■ **EXERCISE**
Retype, word for word, the lines from the first line of the entries through the line that holds "金曜日の夜、仕事が終わった後"; leave out the pictures.

Top of SOURCE DATA

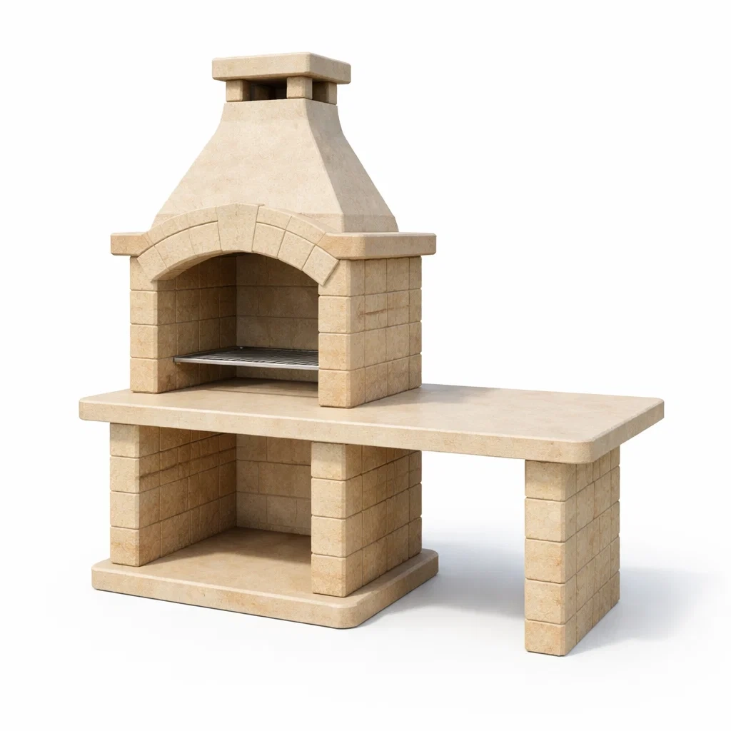 Barbecue realizzato in pietra refrattaria, per ambienti all'aperto. Misura un'altezza totale di 200 cm, con una larghezza di 120 cm e una profondità di 70 cm. Il piano di lavoro integrato è lungo 100 cm. La larghezza interna del forno è di 60 cm. Il peso complessivo è di 350 kg.
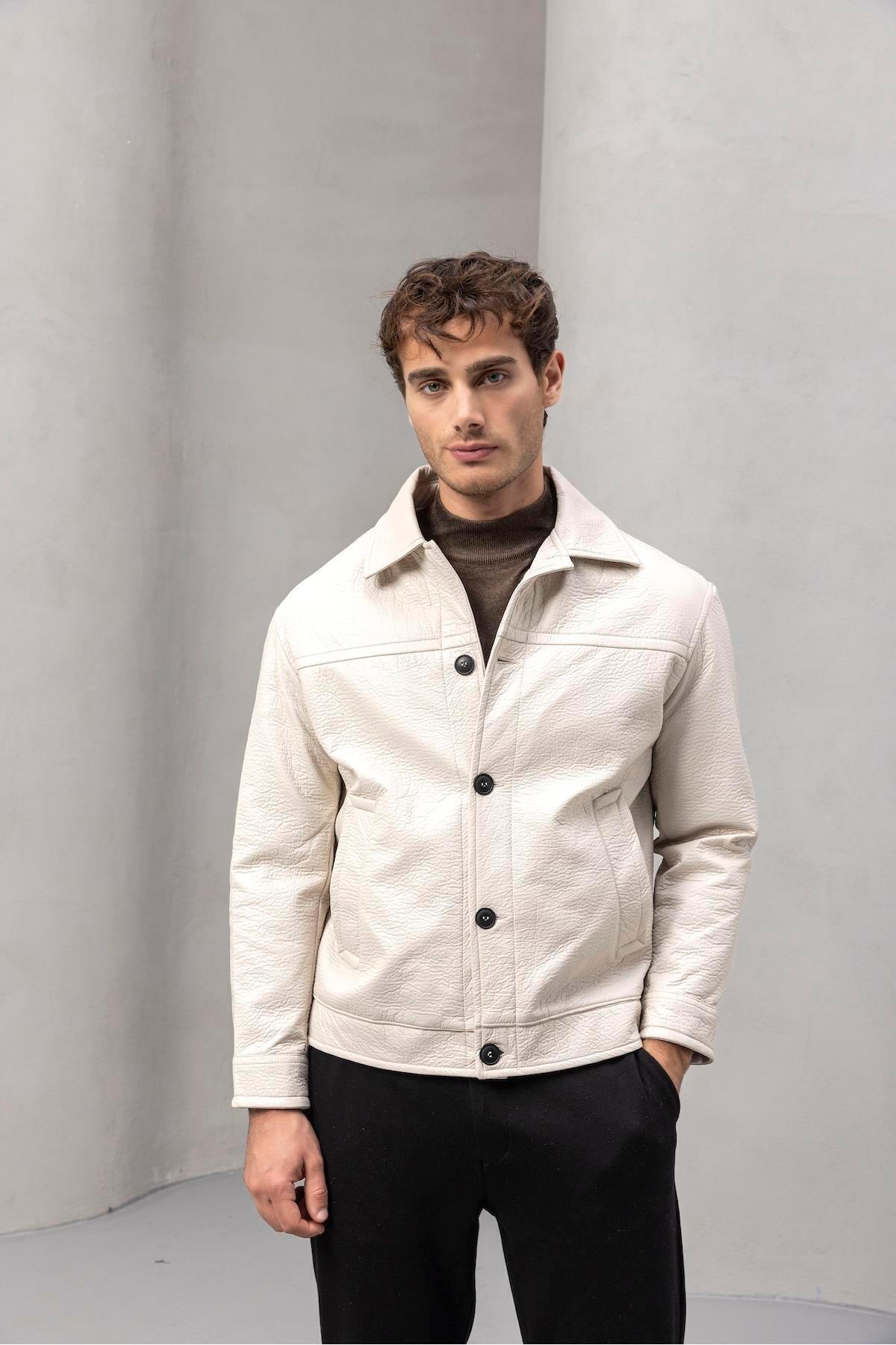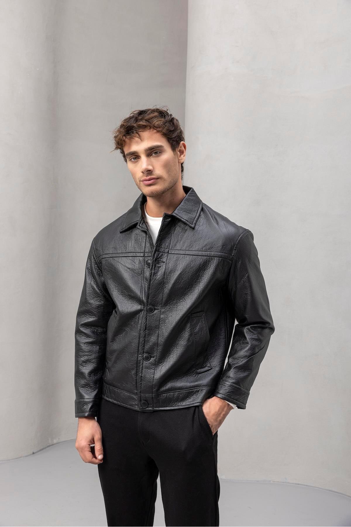 Denzel Düğmeli Yan Cepli Deri Görünümlü Erkek Ceket - Siyah Denzel Düğmeli Yan Cepli Deri Görünümlü Erkek Ceket - Siyah C10024 XL
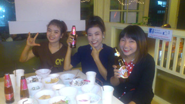 金曜日の夜、仕事が終わった後に竹亭スタッフ全員がバンラック店に集まって恒例の新年パーティーを行いました。みんな酔っ払って大騒ぎです。女性陣はスパイという甘いスパークリングワインがお気に入り。普段は大人しいタイプのウエイトレスまで、キャーキャーはしゃいでいました。やがて照明が落とされルーク・トゥンというタイのリズミカルな民謡が大音量で流れ出すと、全員席を立って飛び跳ねるように踊りだします。南国のノリの良さ。そして、みんな若いです。私はビールを飲みながらにこにこと踊るみんなを眺めていました。20代の頃は一緒に踊ったものですが。^^新しい一年がまた始まりました。また様々なドラマや事件が起ることでしょう。^^みんな楽しみながら元気に無事に過ごしてほしいです。そしてまた、たくさんのお客様から笑顔のご褒美を頂けるよう顔晴ります。もし、この日記を楽しんで頂けたら、下の3つのブログランキングのアイコンにぜひ応援クリックをお願いいたします。皆様から頂く貴重な一票とコメントを励みに更新しています。^^どうぞよろしくお願いいたします。 竹亭の宣伝です。^^バンコクで日本の味が恋しくなったら竹亭へぜひどうぞ。手頃な値段でほっとする味をお楽しみください。160バーツからの定食類は昼も夜も同じ値段。おつまみも多数、居酒屋的利用もお座敷で宴会も出来ます。ガッツリ食べたい時は、名物481バーツの食べ放題をどうぞ。タイ人スタッフとの新年会、パーティーにも最適です。低予算で大満足してもらえますよ。
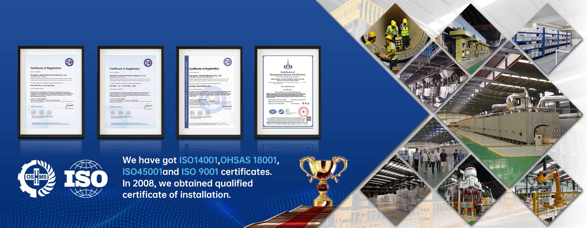 公司致力于耐火新材料、新技術(shù)、新產(chǎn)品的開(kāi)發(fā)和推廣應(yīng)用,是國(guó)家高新技術(shù)企業(yè),產(chǎn)品先后通過(guò)了ISO9001質(zhì)量管理體系、ISO14001環(huán)境管理體系、GB/T28001職業(yè)健康安全管理體系認(rèn)證,同時(shí)具有防水防腐保溫工程專業(yè)承包貳級(jí)資質(zhì)、冶金工程施工總承包叁級(jí)資質(zhì)、環(huán)保工程專業(yè)承包叁級(jí)資質(zhì)。
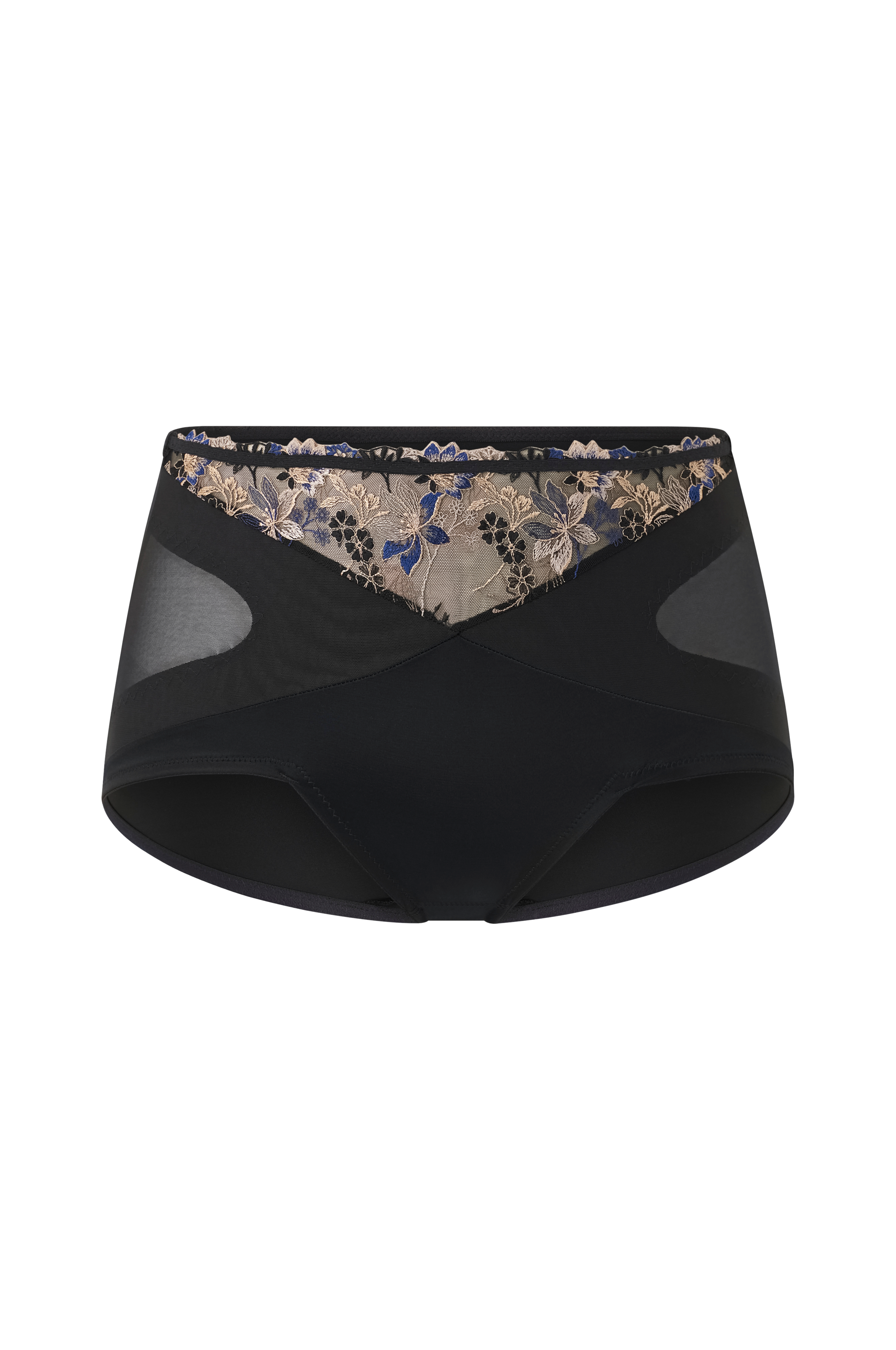 Eksklusiv trusse med glitrende broderi. Designet af den svenske couture-mester Lars Wallin i et eksklusivt samarbejde med Miss Mary. Fremstillet af blødt, elastisk materiale, som er behageligt at have på. Forstærkning foran giver støtte og har en formende effekt. V-formet benåbning foran giver øget komfort, når du bevæger dig. Glat, ensfarvet bagside og bomuldsforet skridt.
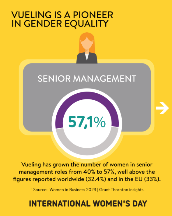 Con un fermo impegno nella promozione del talento femminile, della diversità e dell’inclusione, Vueling, società appartenente al gruppo IAG, consolida la presenza femminile nei ruoli dirigenziali, raggiungendo il 57% di presenza femminile nel comitato direttivo, composto da 4 donne e 3 uomini.
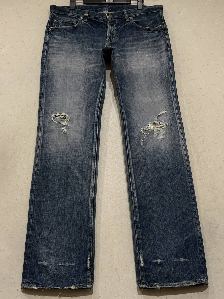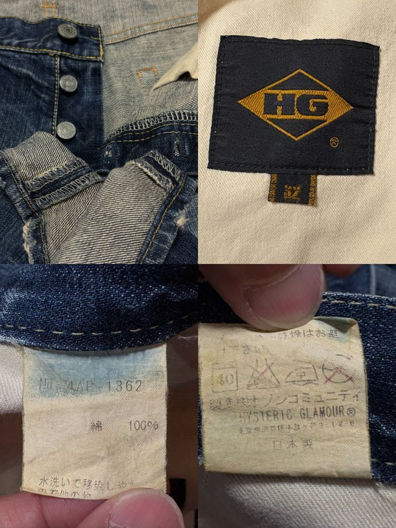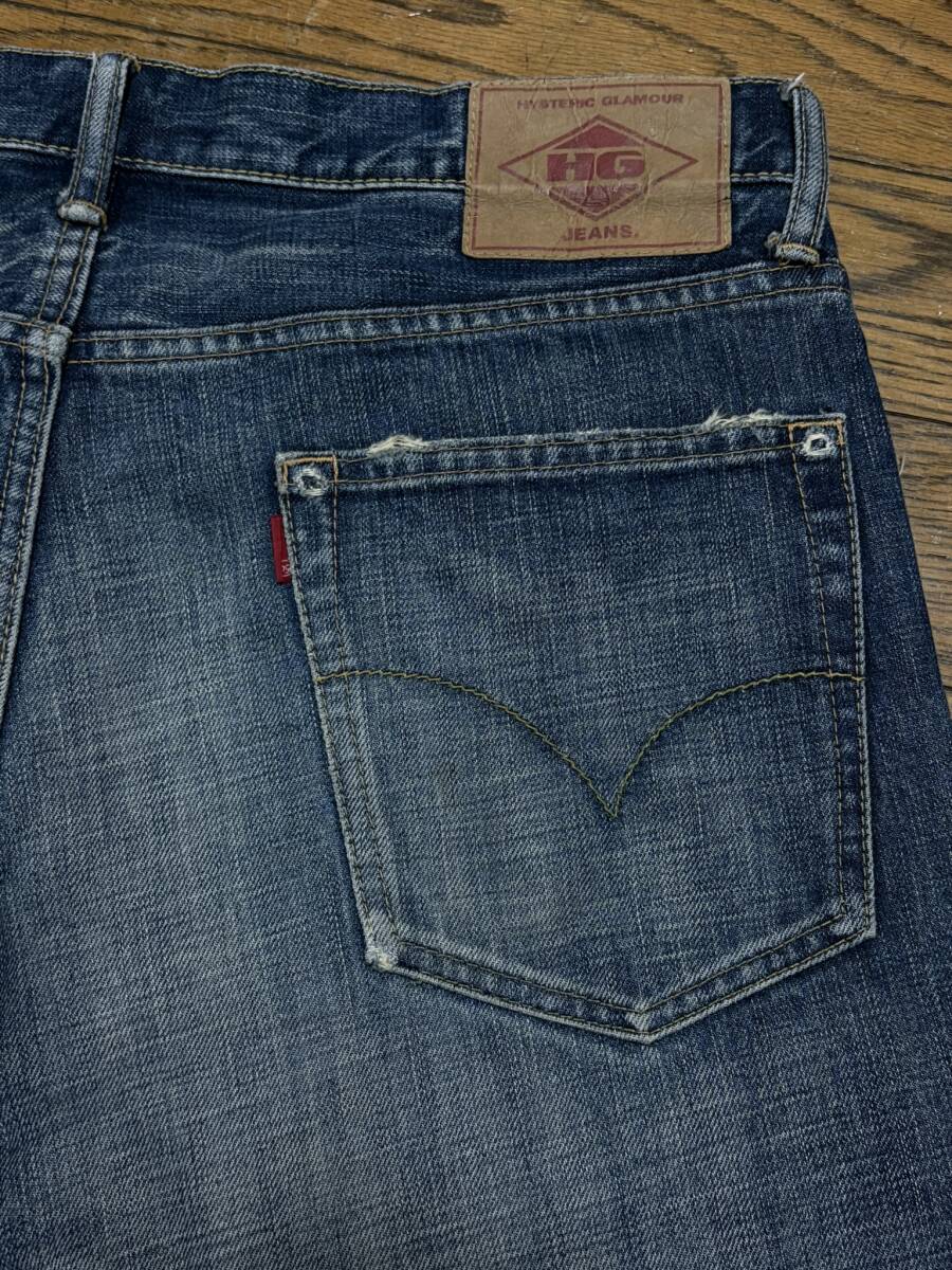 HYSTERIC GLAMOUR ヒステリック グラマー 4AP-1362 ダメージ加工 スタッズ セルビッチデニムパンツ 未裾直 インディゴ 日本製 32         BJBE.A
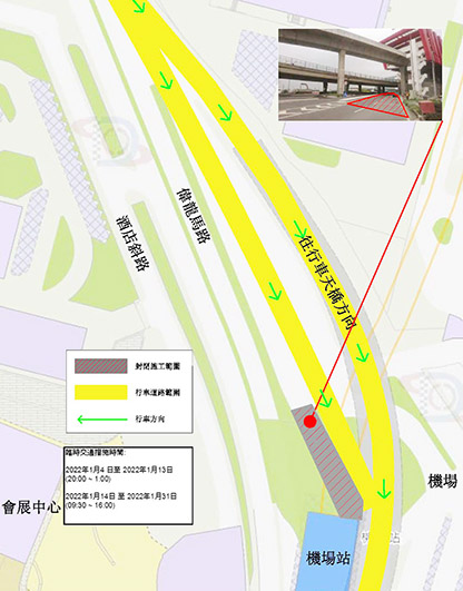 (2) 2022年1月4日至1月13日,每晚8時至翌日凌晨1時及2022年1月14日至1月31日每日上午9時半至下午4時,鄰近機場的一段偉龍馬路實施有限度通車,往科大方向的車輛需行駛靠近澳門國際機場一側的上層或下層行車道,而道路最右側的行車線將臨時封閉。
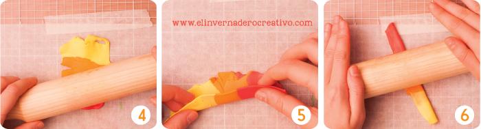Cuando tengas el patrón completo retira la plantilla y comienza a estirarlo con ayuda del rodillo. OJO hay que hacerlo durante muchas pasadas, unas 20 o 25 aproximadamente. La masa se te irá estirando y tendrás que ir parando para doblarla, hazlo siempre ne la misma dirección, como muestra la imagen 5. Sigue entonces amasando con el rodillo hasta que el degradado esté a tu gusto.
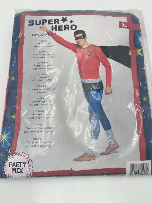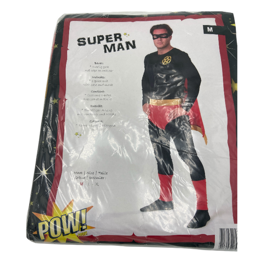 Kinky Dark Super Hero Costume – Super Man Black Suit with Red/Yellow Cape & Mask - Size M
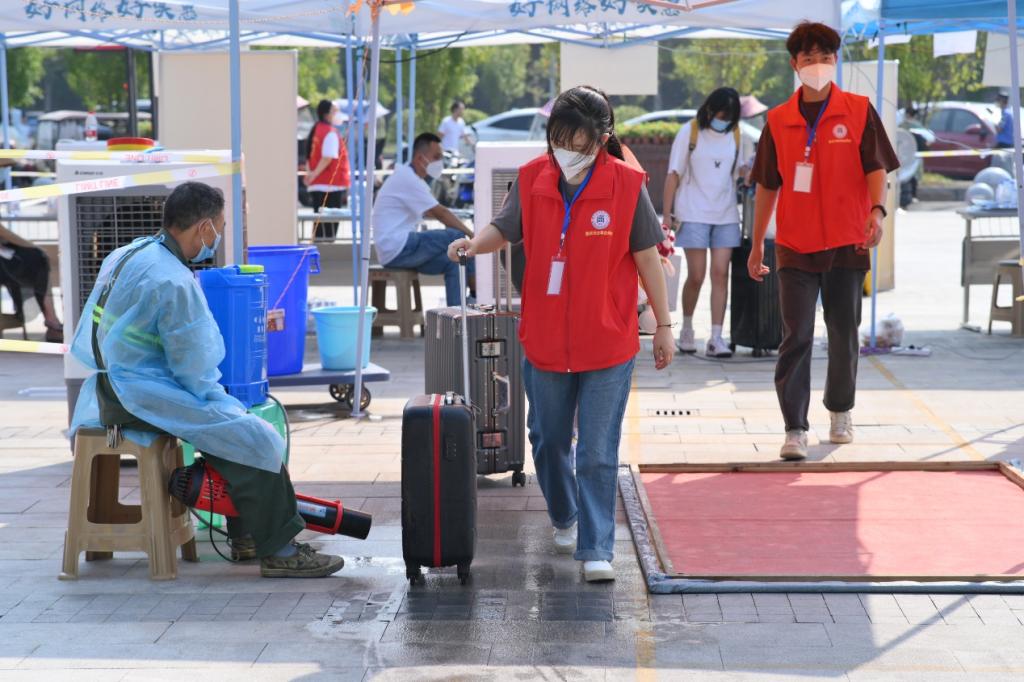 在疫情防控常态化的背景下,学校为保证在校师生的健康安全,严防外输,在学校大门设置了学生引导和专用通道,每个学生经过体温监测,行李消毒等环节后入校。入校后,也有热心的团学干部与志愿者们主动帮忙拎行李,为新生们指引方向。烈日炎炎,尽管工作十分繁琐,但大家仍然没有丝毫懈怠,以饱满的精神状态迎接新同学的到来。
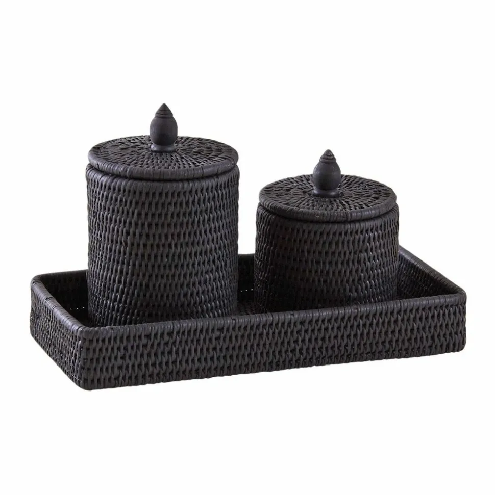 Ensemble boîtes + plateau en rotin
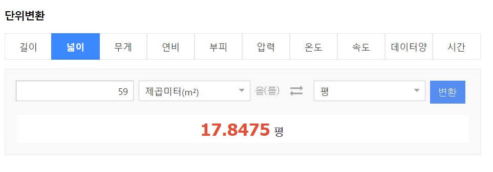 반대로 59m2를 평수로 전환하니 17.8475평으로 약 18평임을 알 수 있습니다.
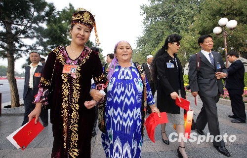 10月1日,中华人民共和国成立60周年庆祝大会开始前,在京参加第五次全国民族团结进步表彰大会的少数民族代表抵达庆典现场。中新社发 刘震 摄
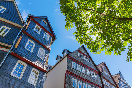 Gothic half-timbered houses - picturesque view in the Schwabisch Hall city Old town, Germany
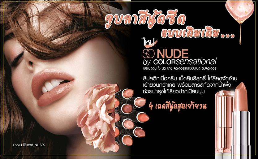 เมย์เบลลีน โซ นู้ด บาย คัลเลอร์เซนเซชั่นแนลลิปสติกคอลเลคชั่นใหม่ล่าสุด ที่มาพร้อมนิยามใหม่ของลิปสติกสีนู้ด จากโทนสีสุดเรียบแบบเดิมๆ ที่หลายคนเชื่อว่ามักทำให้ใบหน้าดูซีดเซียว มาเป็นลิปสติกสีนู้ดที่ดึงดูดทุกสายตาดั่งต้องมนต์สะกด ด้วยอณูเม็ดสีคมชัด และส่วนผสมของสารสกัดจากน้ำผึ้งบริสุทธิ์จากเกสรดอกไม้ ทำให้สีบนเรียวปากสวยชัดสม่ำเสมอ หมดปัญหาปากแห้งเป็นคราบ หรือสีลิปสติกตกร่องลืมไปเลยสีนู้ดเดิมๆ ไร้ชีวิตชีวา
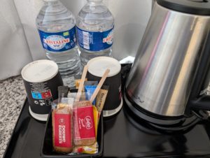 無料の水、コーヒー、紅茶、Biscoffまでありました。

Bottom of SOURCE DATA

■ **EXERCISE SOLUTION**
 Barbecue realizzato in pietra refrattaria, per ambienti all'aperto. Misura un'altezza totale di 200 cm, con una larghezza di 120 cm e una profondità di 70 cm. Il piano di lavoro integrato è lungo 100 cm. La larghezza interna del forno è di 60 cm. Il peso complessivo è di 350 kg.
 Denzel Düğmeli Yan Cepli Deri Görünümlü Erkek Ceket - Siyah Denzel Düğmeli Yan Cepli Deri Görünümlü Erkek Ceket - Siyah C10024 XL
 金曜日の夜、仕事が終わった後に竹亭スタッフ全員がバンラック店に集まって恒例の新年パーティーを行いました。みんな酔っ払って大騒ぎです。女性陣はスパイという甘いスパークリングワインがお気に入り。普段は大人しいタイプのウエイトレスまで、キャーキャーはしゃいでいました。やがて照明が落とされルーク・トゥンというタイのリズミカルな民謡が大音量で流れ出すと、全員席を立って飛び跳ねるように踊りだします。南国のノリの良さ。そして、みんな若いです。私はビールを飲みながらにこにこと踊るみんなを眺めていました。20代の頃は一緒に踊ったものですが。^^新しい一年がまた始まりました。また様々なドラマや事件が起ることでしょう。^^みんな楽しみながら元気に無事に過ごしてほしいです。そしてまた、たくさんのお客様から笑顔のご褒美を頂けるよう顔晴ります。もし、この日記を楽しんで頂けたら、下の3つのブログランキングのアイコンにぜひ応援クリックをお願いいたします。皆様から頂く貴重な一票とコメントを励みに更新しています。^^どうぞよろしくお願いいたします。 竹亭の宣伝です。^^バンコクで日本の味が恋しくなったら竹亭へぜひどうぞ。手頃な値段でほっとする味をお楽しみください。160バーツからの定食類は昼も夜も同じ値段。おつまみも多数、居酒屋的利用もお座敷で宴会も出来ます。ガッツリ食べたい時は、名物481バーツの食べ放題をどうぞ。タイ人スタッフとの新年会、パーティーにも最適です。低予算で大満足してもらえますよ。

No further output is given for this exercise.